AAV-mediated FOXG1 gene editing in human Rett primary cells

Variations in the Forkhead Box G1 (FOXG1) gene cause FOXG1 syndrome spectrum, including the congenital variant of Rett syndrome, characterized by early onset of regression, Rett-like and jerky movements, and cortical visual impairment. Due to the largely unknown pathophysiological mechanisms downstream the impairment of this transcriptional regulator, a specific treatment is not yet available. Since both haploinsufficiency and hyper-expression of FOXG1 cause diseases in humans, we reasoned that adding a gene under nonnative regulatory sequences would be a risky strategy as opposed to a genome editing approach where the mutated gene is reversed into wild-type. Here, we demonstrate that an adeno-associated viruses (AAVs)-coupled CRISPR/Cas9 system is able to target and correct FOXG1 variants in patient-derived fibroblasts, induced Pluripotent Stem Cells (iPSCs) and iPSC-derived neurons. Variant-specific single-guide RNAs (sgRNAs) and donor DNAs have been selected and cloned together with a mCherry/EGFP reporter system. Specific sgRNA recognition sequences were inserted upstream and downstream Cas9 CDS to allow self-cleavage and inactivation.
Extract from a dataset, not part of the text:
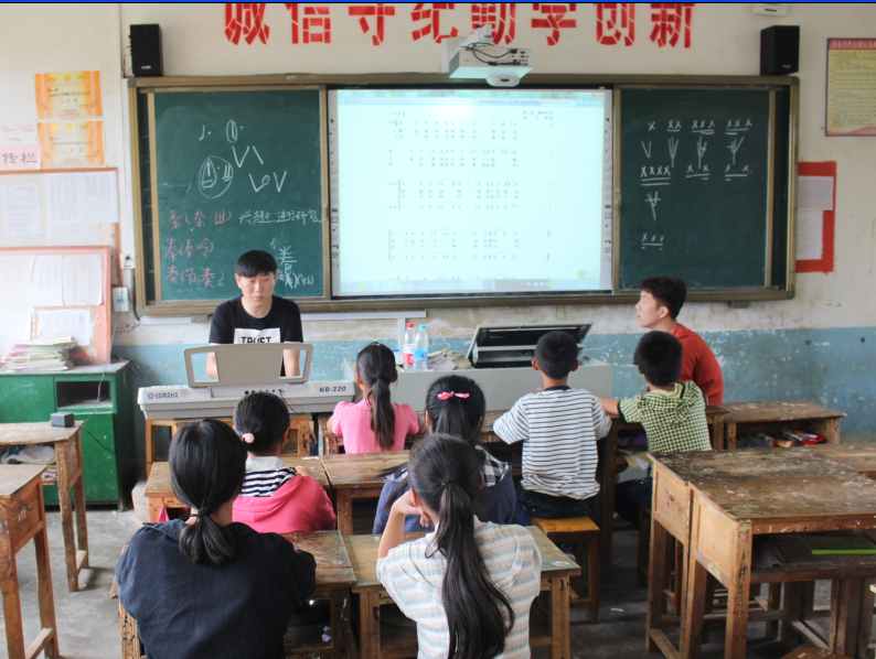 文艺扶贫是音乐与舞蹈学院发挥教育资源优势,助力精准扶贫的重要方式,也是重塑乡村文化,阻断贫困代际传递的重要手段。音乐与舞蹈学院自去年暑期开展文艺下乡以来,始终心系扶贫点,今年10月,学院安排刘睿等6名优秀大四实习生赴冷水井乡学校实习,并负责兴趣班培训任务,选派声乐教师廖宁杰、管乐教师李炳帅为村管乐队客座教师,已经先后来村组织6次培训课程。参加兴趣班培训的孩子们,通过2个月的培训,也逐渐从最初的害羞内敛到现在敢于展现自己,从零基础到能够上台表演,接受了艺术的启蒙,掌握了文艺基础。

We demonstrated that AAV serotypes vary in transduction efficiency depending on the target cell type, the best being AAV9 in fibroblasts and iPSC-derived neurons, and AAV2 in iPSCs. Next-generation sequencing (NGS) of mCherry/EGFP transfected cells demonstrated that the mutated alleles were repaired with high efficiency (20-35% reversion) and precision both in terms of allelic discrimination and off-target activity. The genome editing strategy tested in this study has proven to precisely repair FOXG1 and delivery through an AAV9-based system represents a step forward toward the development of a therapy for Rett syndrome.